Role Overview
We are looking for a highly motivated HW/Algorithm Co-Design Engineer to join our NPU Hardware Architecture Team. In this role, you will operate at the critical intersection of AI model innovation and silicon architecture, working closely with both algorithm and hardware teams to ensure that state-of-the-art models are efficiently mapped, optimized, and deployed on our in-house NPU platform.
This is a high-impact role for engineers who are passionate about bridging the gap between model designand hardware execution. You will help shape model-friendly architecture practices, drive cross-functional optimization, and influence the evolution of next-generation AI computing platforms from a system-level perspective.
Key Responsibilities
- Partner closely with algorithm teams to understand model architectures, operator patterns, training/inference workflows, and deployment requirements, and guide them toward NPU-friendly design choices.
- Analyze AI models from a hardware architecture perspective, identifying bottlenecks in compute, memory access, data movement, bandwidth utilization, and parallelism.
- Drive hardware/algorithm co-design initiatives to improve model efficiency, performance, energy efficiency, and deployability on our in-house NPU.
- Define and promote best practices for NPU-friendly model design, including operator selection, graph patterns, quantization readiness, memory-efficient structures, and execution-friendly network topologies.

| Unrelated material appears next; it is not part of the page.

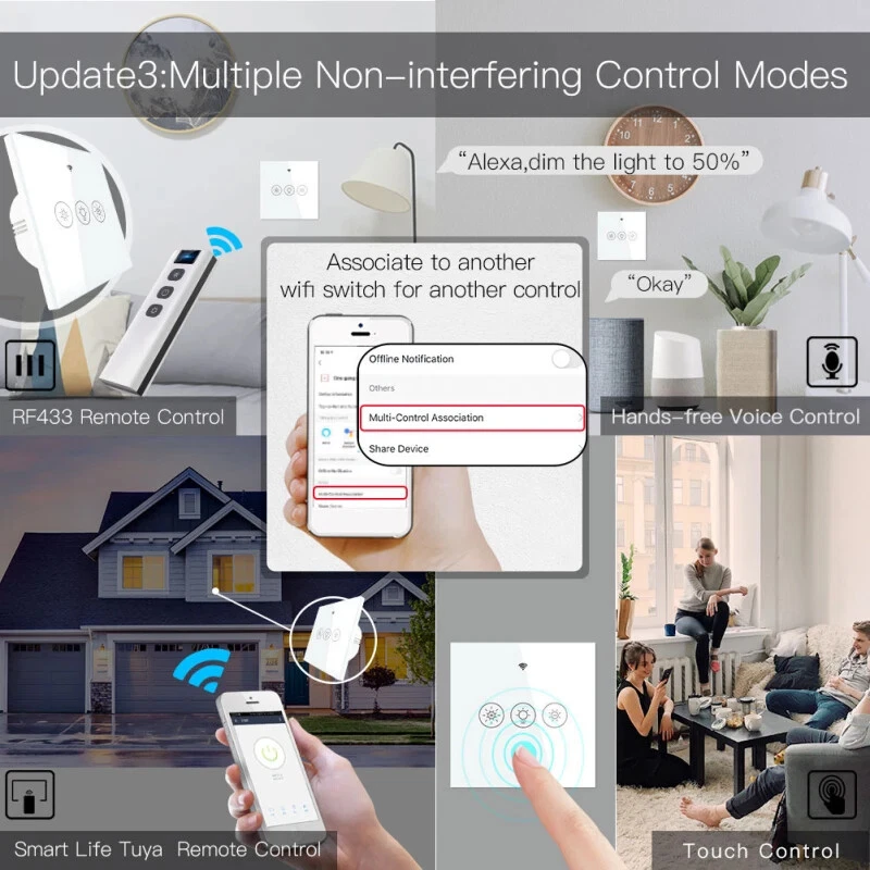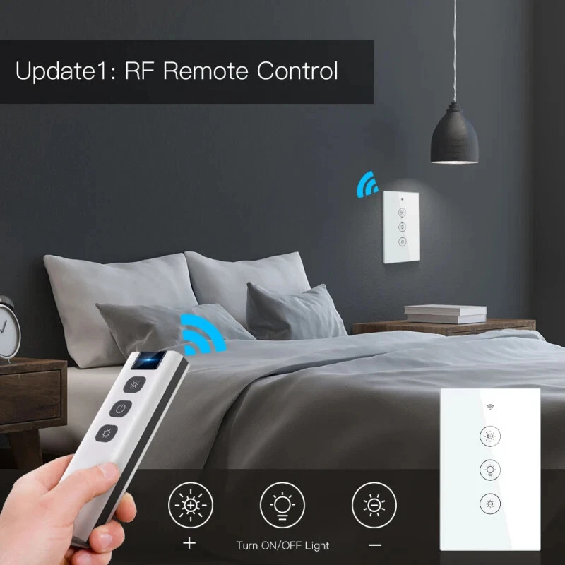 AUBESS Tuya Wifi Smart Wall Touch Sensor Switch LED Light Dimmer Switch Smart Life APP Remote Control Support Alexa Google Home Description: 100% Brand New and High Quality! The remote control does not contain batteries, you need to buy LR23A 12V batteries by yourself 2020 New Arrival Upgraded with More Personalized Points: Update1:Multi-control in a much easier way Update2:New pairing mode with WiFi Bluetooth Update3:Backlight ON/OFF optional Update4:Relay status adjustable when power off Update5:RF frequency built-in for RF remote control Main Features: 1.2/3-way multi-control association to control 1 light with multiple dimmer switches; anti-scratch tempered glass panel suits any home decor and allows for effortless touch control; you can multi-control associate this switch to multiple different switches in Smart Life App. 2.Non-interference control mode; allows the switch to be controlled via Smart Life, touch control, voice, and remote with RF433 frequency and 1527 encoding remote switch(not included); each control method works independently; achieve multi-control by associating to other smart switches 3.Compatible with Alexa and Google Home for hands-free voice control with 0%-100% dimmable; can also be controlled via Smart Life/Tuya app anytime, anywhere; setting relay status and remembers last relay status optional when powered off , backlight switch On/Off. 4.Take full control of connected appliances with timers, schedules and countdown (1/5/30 mins, 1 hour, etc.) with the app; share control with family and friends for added convenience 5.Neutral wire is required in your switch boxes to operate correctly; only supports 2.4 GHz network; offers easier pairing via WiFi and Bluetooth connectivity. Specifications: Model : WS-EU-D: WS-US-D Working voltage: 100-250V AC, 50Hz/60Hz Max. total current:1A(EU)/2A(US) Max. Load Power: EU:220W(220V) US:440W(220V)/220W(110V) Wireless type: WIFI2.4G RF433MHz Working temperature:-10℃-45℃ Support system: Android/ios Package Included: 1*smart switch 1*Instruction Notes: The remote control does not contain batteries, you need to buy LR23A 12V batteries by yourself!

- Collaborate with hardware architects, compiler engineers, runtime/software teams, and algorithm researchers to enable end-to-end optimization across the full stack.
- Evaluate emerging AI models and workload trends, and identify opportunities to improve future NPU capabilities through architecture-aware algorithm guidance.
- Serve as a technical bridge between algorithm innovation and hardware realization, ensuring that advanced models can be translated into scalable and efficient production deployments.
Qualifications
- Master’s degree or above in Computer Science, Electrical Engineering, Computer Engineering, Applied Mathematics, or a related field.
- 3+ years of relevant industry experience, preferably in AI accelerators, NPU/GPU architecture, deep learning systems, or hardware/software co-design.
- Strong understanding of deep learning fundamentals and modern model architectures such as CNNs, Transformers, and other large-scale AI models.
- Solid knowledge of AI accelerator architecture concepts, including compute engines, memory hierarchy, dataflow, bandwidth constraints, and parallel execution.
- Proven ability to analyze model behavior and identify architecture-sensitive performance bottlenecks.
- Familiarity with common AI frameworks and deployment toolchains such as PyTorch, ONNX, and model profiling/optimization tools.
- Strong problem-solving skills, with the ability to reason across algorithm, software, and hardware layers.
- Excellent communication and cross-functional collaboration skills, with the ability to work effectively across multiple engineering disciplines.
Preferred Qualifications
- Experience with in-house NPU/ASIC development, AI compiler stacks, or performance modeling for ML workloads.
- Familiarity with model optimization techniques such as quantization, sparsity, operator fusion, graph optimization, and low-precision computation.
- Hands-on experience optimizing real-world workloads in areas such as computer vision, autonomous driving, multimodal AI, or large language models.
- Experience in workload characterization, roofline analysis, memory bandwidth analysis, or architecture/performance tradeoff studies.
- Demonstrated success influencing model design decisions based on hardware execution characteristics.
What We Value
- A system-level mindset and the ability to connect model behavior with architectural implications.
- Strong technical curiosity and the drive to push both algorithm efficiency and hardware capability forward.
- A practical engineering approach focused not only on making models run, but on making them run efficiently, robustly, and competitively on our platform.
- The ability to thrive in a highly collaborative environment where architecture, software, and algorithms evolve together.